What I expect to do is to use one of our existing QLab 2 licenses on a new MacMini. I expect I'll need something akin to the Matrox Triplehead and some HDMI over ethernet boxes. This sound right to everyone? I'm mostly pulling this info from my own experience and another thread posted here a little while ago.

But I don't have experience using monitors on stage. Near stage, sure, but not on it. I'm hoping to find screens that don't put out too much ambient light when in video black, but can also still compete with the stage wash to show an image. 

Other possibly pertinent details:
medium sized room, 200 seat house.
No extreme viewing angles. Nobody is more than 25' off center. (though the tvs won't be center, so a few people won't get great angles)
Not married to any control scheme. Have Watchout and Qlab experience. Will probably stick to Qlab because it's well integrated into the room already, but open to recommendations.


----------



## len (Jan 30, 2015)

I haven't done that exact thing, but video screens are a lot more visible than you would think. Flat panel tv are common as dirt. You can buy or rent easily. If you're going to project the same image you'll need a splitter, but again, no big deal. The only thing you might be concerned with is the length of the cables. You might have latency or other signal degradation. If you're in Chicago I can give you a number of places to rent them from.


----------



## RJNAP (Sep 11, 2018)

KyleAnderson said:


> We are going to be incorporating two to three flat screen panels of an as yet unspecified size (ballpark 50" range) into our next set. I'm hoping to get advice for shopping for the screens and control scheme.
> 
> What I expect to do is to use one of our existing QLab 2 licenses on a new MacMini. I expect I'll need something akin to the Matrox Triplehead and some HDMI over ethernet boxes. This sound right to everyone? I'm mostly pulling this info from my own experience and another thread posted here a little while ago.
> 
> ...




Kyle what was your solution to this ? I'm doing the same thing in my current design.


----------



## BillConnerFASTC (Sep 11, 2018)

Just curious but:

"http://www.chicagolightingdesign.com"

Why a link that returns:

*Forbidden*
You don't have permission to access / on this server.


----------



## ruinexplorer (Sep 12, 2018)

BillConnerFASTC said:


> Just curious but:
> 
> "http://www.chicagolightingdesign.com"
> 
> ...


Well: https://www.facebook.com/chicagolig...998581726492/2335135383179467/?type=3&theater


----------



## BillESC (Sep 12, 2018)

I just did a church installation with three 65" and two 42" flat screens along with future wiring for 3 more flat screens. Went HDMI to Cat6 to an 8 way distribution unit and Cat6 to the TVs and back to HDMI. Used a total of 562' of Cat6 without a hitch.


----------



## KyleAnderson (Sep 24, 2018)

RJNAP said:


> Kyle what was your solution to this ? I'm doing the same thing in my current design.
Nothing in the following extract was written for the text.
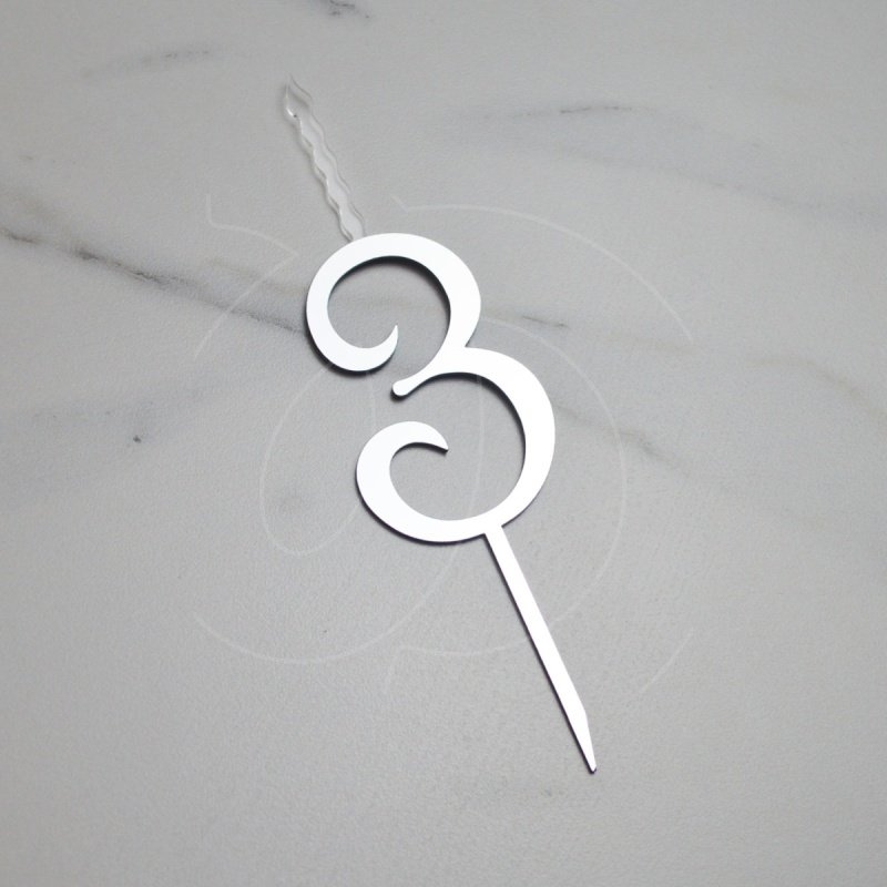 Доставка Свеча-топпер декоративная акриловая Цифра "3" Серебро из магазина в вашем городе:

Blast from my past! The short answer is basically the same as Bill's.

There were two versions of this show, because halfway through its run there was a fire in the building, caused by the restaurant next door, that resulted in my having to replace all of the electronic components. 

Version 1 was a MacPro, in the old silver case, with three video cards. One powered my monitor, and one each powered the screens so they had individual surfaces. I did not have to use a Matrox, though I have had to for other installations. Version 2 I had to replace the computer with the Trash can version, and the active DVI adapters.

Video black was not a problem, as I found LED screens that, with the back light turned to minimum, did not put out too much light. I had to replace those screens when the fire hit, though, and the new ones I found weren't as good on that front. With the life cycle of TVs anymore, I don't have a real suggestion for you there other than to test them out if you can.

In that original build I was close enough to the stage to use 50' HDMI cables. In situations since then, I've been further away and made do with HDBaseT to get the signal over ethernet cable. 

I used HDBaseT transmitters and receivers from FSR:
https://fsrinc.com/fsr-products/product/p100-meter-hdbaset-slim-pack-transmitter
https://fsrinc.com/fsr-products/product/p100-meter-hdbaset-slim-pack-receiver

In one theater we have 5 televisions, and use a Wyrestorm 4x4 matrix to send the HDBaseT outputs. A Matrox TripleHead provides three signals, each sent to the matrix, and an additional FSR transmitter provides the additional. That gives me 4 surfaces in QLab. The matrix is set so that two of the screens have the same output, and the other three are identical.

We've gone a bit silly with TVs.


----------